Misschien is het grootste teken dat de business van koolstofverwijdering potentieel heeft, de omarming ervan door de olie-industrie. Occidental is enthousiast over DAC. ExxonMobil zegt dat het tussen 2022 en 2027 17 miljard dollar zal besteden aan investeringen in lagere emissies. Chevron ontvangt Svante in een van zijn Californische olievelden. De Noorse energiereus Equinor en het Duitse olie- en gasbedrijf Wintershall hebben licenties verkregen om CO2 die door de Duitse industrie is afgevangen, op te slaan in de Noordzee.

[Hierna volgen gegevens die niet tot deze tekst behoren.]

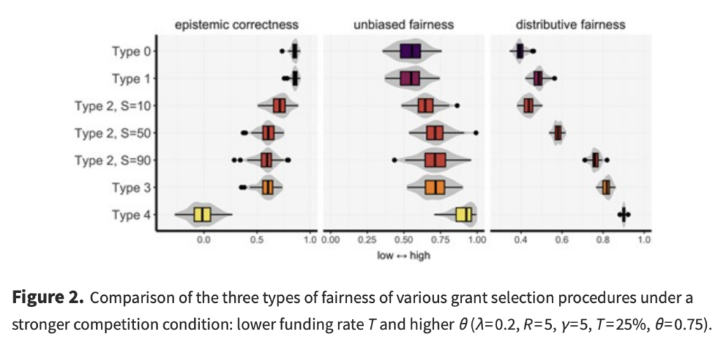 In any event, the authors actually ran simulations of the various methods. You can read the paper in depth if you want, but, to summarize, there was increasing distributive (“funding should be distributed evenly.”) and unbiased fairness (“funding should be distributed without gender, racial, geographic, or other biases.”) as the investigators modeled methods from Type 0 to type 4 that was associated with decreasing epistemological correctness (“funding should go to the ‘best’ proposals”), the effect being less pronounced in terms of epistemological correctness in the high competition condition (low paylines), which, truth be told, has ben the situation with NIH funding since I’ve been faculty. You can get an idea of what I mean from this figure: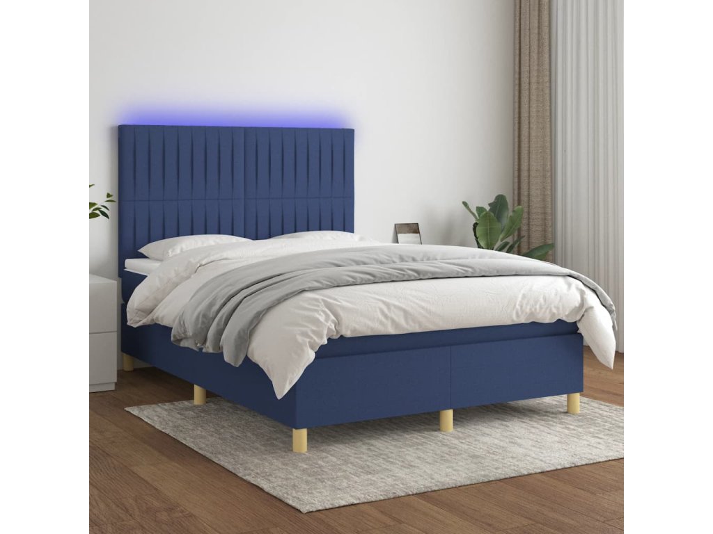 vidaXL Posteľ boxsping s matracom a LED modrá 140x200 cm látka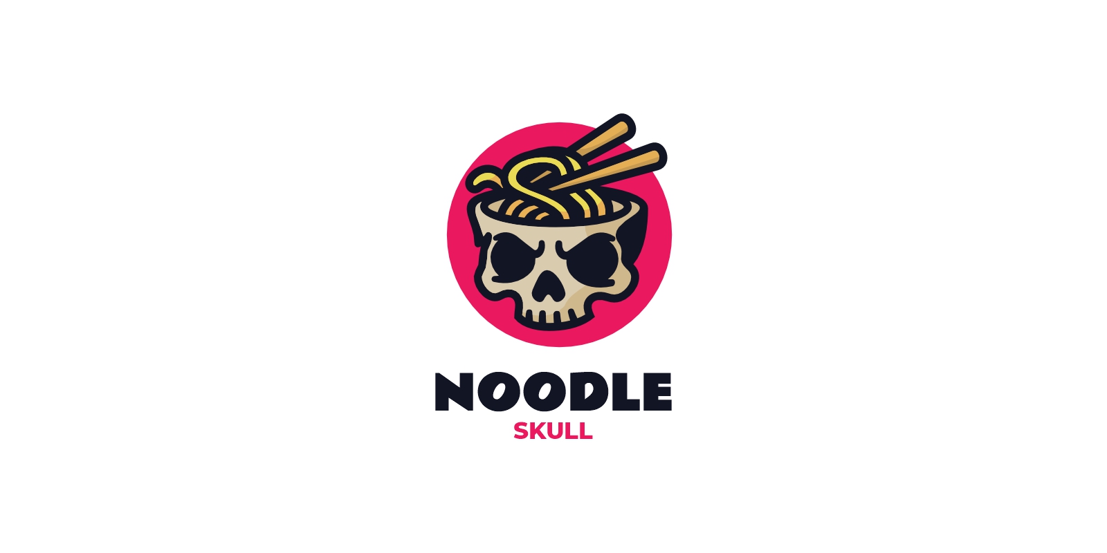 A unique noodle skull mascot with a ramen bowl and chopsticks on its head, combining humor with edgy design. Perfect for gaming clans, foodie brands, restaurants, or Asian-inspired projects seeking a bold esport-style character. Fonts are not included but can be downloaded for free via the links provided in the documentation.
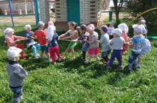 Татар халкының милли бәйрәме Сабан туе бәйрәме уздырдык. Көч сынаштык, ярыштык. Балаларга аркан тарту уены бик ошады.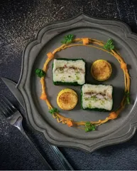 秋刀魚とジャガイモのテリーヌ 長芋のターメリックソテーと炙りチーズ 柿とシナモンのソース 秋刀魚を使ってテリーヌを作りました🐟 秋刀魚はグリルで焼いて身をほぐし、ヨーグルトで作った軽いポテトサラダと層にして周りにはさっと茹でた小松菜の葉を巻きました。仕上げにスダチの皮を削っています👩🏻🍳テリーヌの横には丸くくり抜いた長芋をターメリックでソテーし黄色く色づけ、上にこちらも丸くく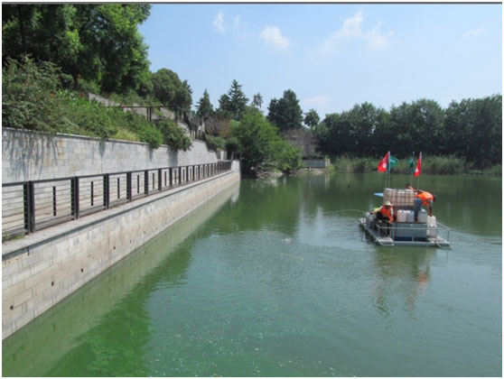 護(hù)城河?xùn)|河藍(lán)藻持續(xù)生長爆發(fā),大量藍(lán)藻聚積在西河入口,隨水而下流入西河,加劇西河藍(lán)藻水華形成,對西河水域造成藍(lán)藻反復(fù)富集現(xiàn)象。

Critici beweren dat hun enthousiasme van de oliemaatschappijen voor koolstofverwijdering vooral bedoeld is om hun reputatie te verbeteren, terwijl ze meer ruwe olie oppompen. Daar zit een kern van waarheid in. Maar gezien de dringende noodzaak om zowel koolstof aan de bron af te vangen als omvangrijke negatieve emissies te realiseren, is de bereidwillige betrokkenheid van de grote oliemaatschappijen, met hun enorme kapitaalbudgetten en nuttige expertise in techniek en geologie, toe te juichen.